The processor and system designers at Intel and AMD know this and have devised methods of improving the performance of L2 cache. In Pentium (P5) class systems, the L2 cache usually was found on the motherboard and had to run at motherboard speed. Intel made the first dramatic improvement by migrating the L2 cache from the motherboard directly into the processor and initially running it at the same speed as the main processor. The cache chips were made by Intel and mounted next to the main processor die in a single chip housing. This proved too expensive, so with the Pentium II, Intel began using cache chips from third-party suppliers such as Sony, Toshiba, NEC, and Samsung. Because these were supplied as complete packaged chips and not raw die, Intel mounted them on a circuit board alongside the processor. This is why the Pentium II was designed as a cartridge rather than what looked like a chip.

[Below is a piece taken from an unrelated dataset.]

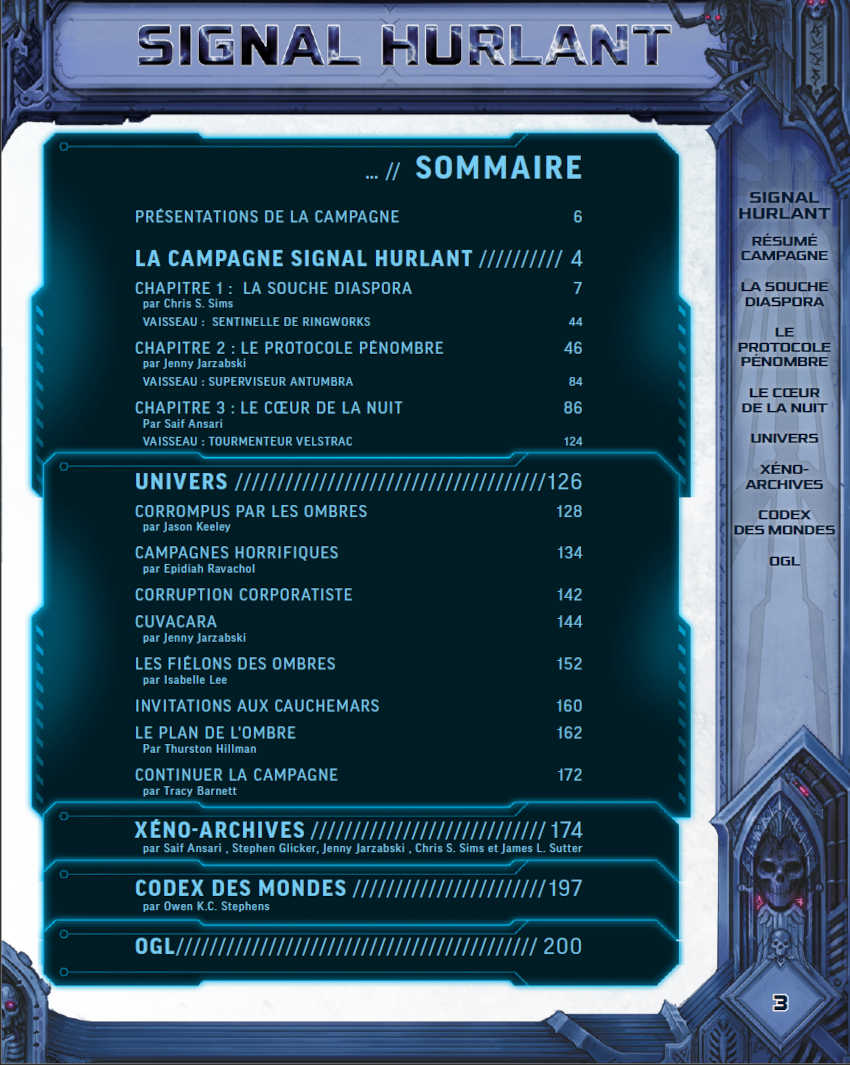 - Les caractéristiques et le plan d’un élégant vaisseau de sécurité, par Chris S. Sims, ainsi qu’un aperçu d’une planète, magnifique et hantée, par Owen K. C. Stephens.

One problem was the speed of the available third-party cache chips. The fastest ones on the market were 3 ns or higher, meaning 333 MHz or less in speed. Because the processor was being driven in speeds above that, in the Pentium II and initial Pentium III processors, Intel had to run the L2 cache at half the processor speed because that is all the commercially available cache memory could handle. AMD followed suit with the Athlon processor, which had to drop L2 cache speed even further in some models to two-fifths or one-third the main CPU speed to keep the cache memory speed less than the 333 MHz commercially available chips.

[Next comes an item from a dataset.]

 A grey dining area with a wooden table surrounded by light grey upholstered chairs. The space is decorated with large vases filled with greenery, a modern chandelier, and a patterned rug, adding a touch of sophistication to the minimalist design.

Then a breakthrough occurred, which first appeared in Celeron processors 300A and above. These had 128 KB of L2 cache, but no external chips were used. Instead, the L2 cache had been integrated directly into the processor core just like the L1. Consequently, both the L1 and L2 caches now would run at full processor speed, and more importantly scale up in speed as the processor speeds increased in the future. In the newer Pentium III, as well as all the Xeon and Celeron processors, the L2 cache runs at full processor core speed, which means there is no waiting or slowing down after an L1 cache miss. AMD also achieved full-core speed on-die cache in its later Athlon and Duron chips. Using on-die cache improves performance dramatically because 9% of the time the system uses the L2. It now remains at full speed instead of slowing down to one-half or less the processor speed or, even worse, slowing down to motherboard speed as in Socket 7 designs. Another benefit of on-die L2 cache is cost, which is less because fewer parts are involved. L3 on-die caches offer the same benefits for those times when L1 and L2 cache do not contain the desired data. And, because L3 cache is much larger than L2 cache (6 MB in AMD Phenom II and 12 MB in Core i7 Extreme Edition), the odds of all three cache levels not containing the information desired are reduced over processors which have only L1 and L2 cache. Let’s revisit the restaurant analogy using a 3.6 GHz processor. You would now be taking a bite every half second (3.6 GHz = 0.28 ns cycling). The L1 cache would also be running at that speed, so you could eat anything on your table at that same rate (the table = L1 cache). The real jump in speed comes when you want something that isn’t already on the table (L1 cache miss), in which case the waiter reaches over to the cart (which is now directly adjacent to the table) and nine out of 10 times is able to find the food you want in just over one-quarter second (L2 speed = 3.6 GHz or 0.28 ns cycling). In this system, you would run at 3.6 GHz 99% of the time (L1 and L2 hit ratios combined) and slow down to RAM speed (wait for the kitchen) only 1% of the time, as before. With faster memory running at 800 MHz (1.25 ns), you would have to wait only 1.25 seconds for the food to come from the kitchen. If only restaurant performance would increase at the same rate processor performance has!